Dividends received by December 31, 2012, may be the last dividends in decades to be taxed at a rate as low as 15 percent. Therefore, common corporate practice of mailing dividends on December 31, 2012, or even in the first week of January 2013, may have the effect of unnecessarily forcing shareholders to pay tax that could have been avoided by mailing a week or so earlier. The downside to the corporation of accelerating the dividend mailing date, or even paying a special dividend, is minimal—principally affecting after-dividend profits, which is not the standard measure.
The income tax law puts all shareholders on the cash method for purposes of inclusion of dividends. Therefore, if a corporation establishes a record date and payment and mailing dates in December of 2012, but mails or otherwise transmits the dividends so close to year end that they have to be received the next year, the shareholders can confidently report them in the next year and the corporation confidently assumes that will be the case by not including those dividends in the Form 1099 supplied to shareholders for 2012.

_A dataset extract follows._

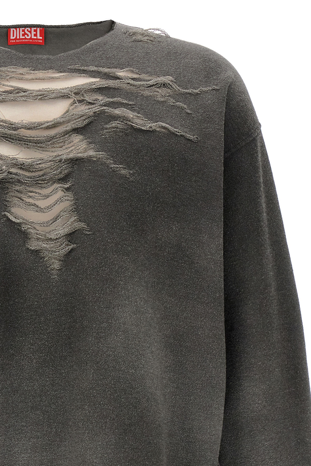 'S-Ruben' dyed cotton sweatshirt with vanise pattern and front distressed effect details with tulle application for a I don't see effect, crew neck, long sleeves with dropped shoulder.
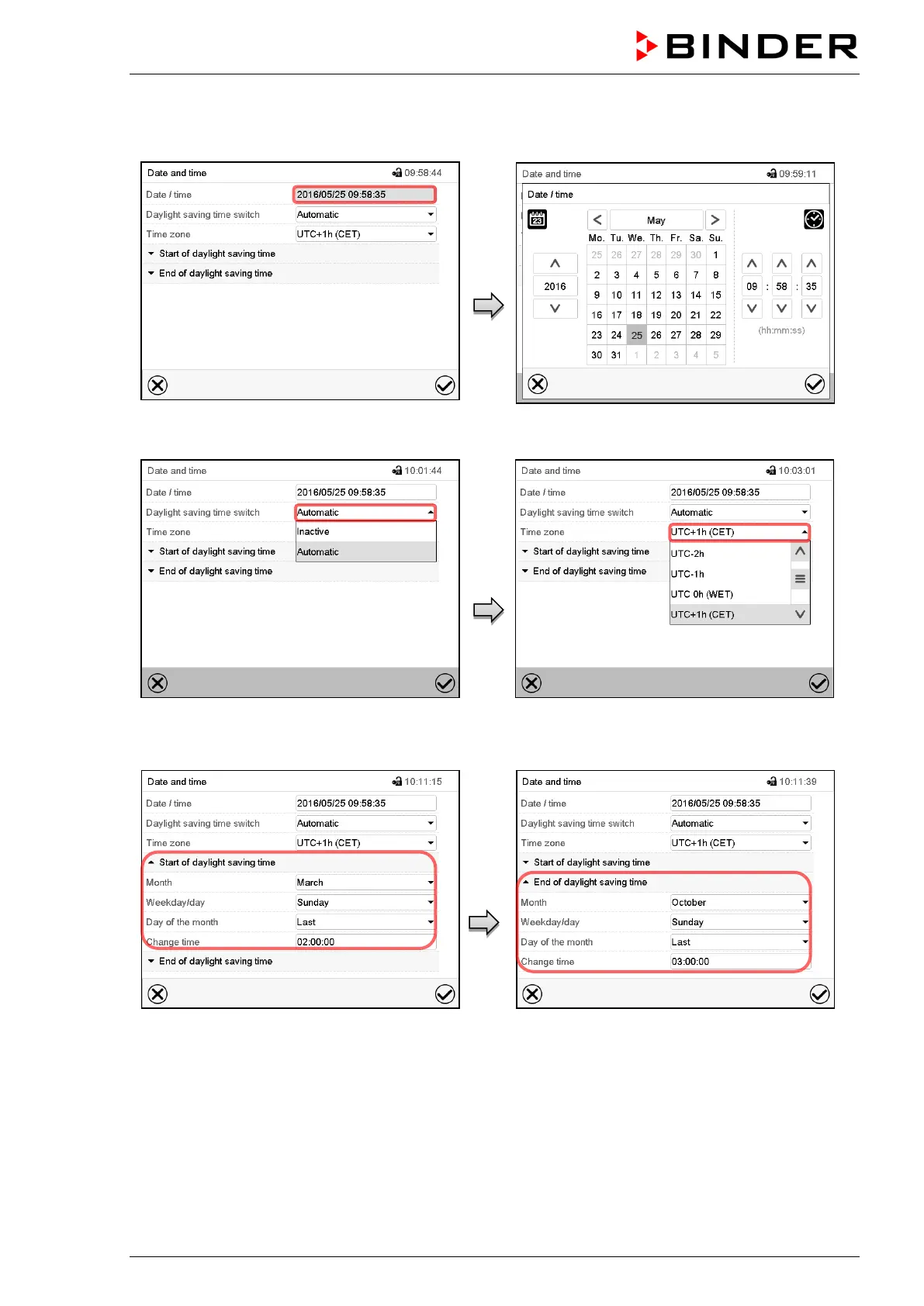 Enter date and time and press the Confirm icon.

For decades, this has been a uniformly beneficial system, resulting in the delaying of dividend tax liability—perhaps not so this year if individual tax rates on dividends increase for 2013, which may not be known until the end of 2013.
Many major American corporations are sitting on piles of cash, with no clear plans to utilize the cash. What better time to pay an extra dividend? Where the dividend is mailed in a live check, mailing should probably occur before Christmas. Where electronic transmission occurs, techniques that previously resulted in post-December 31receipt should be accelerated.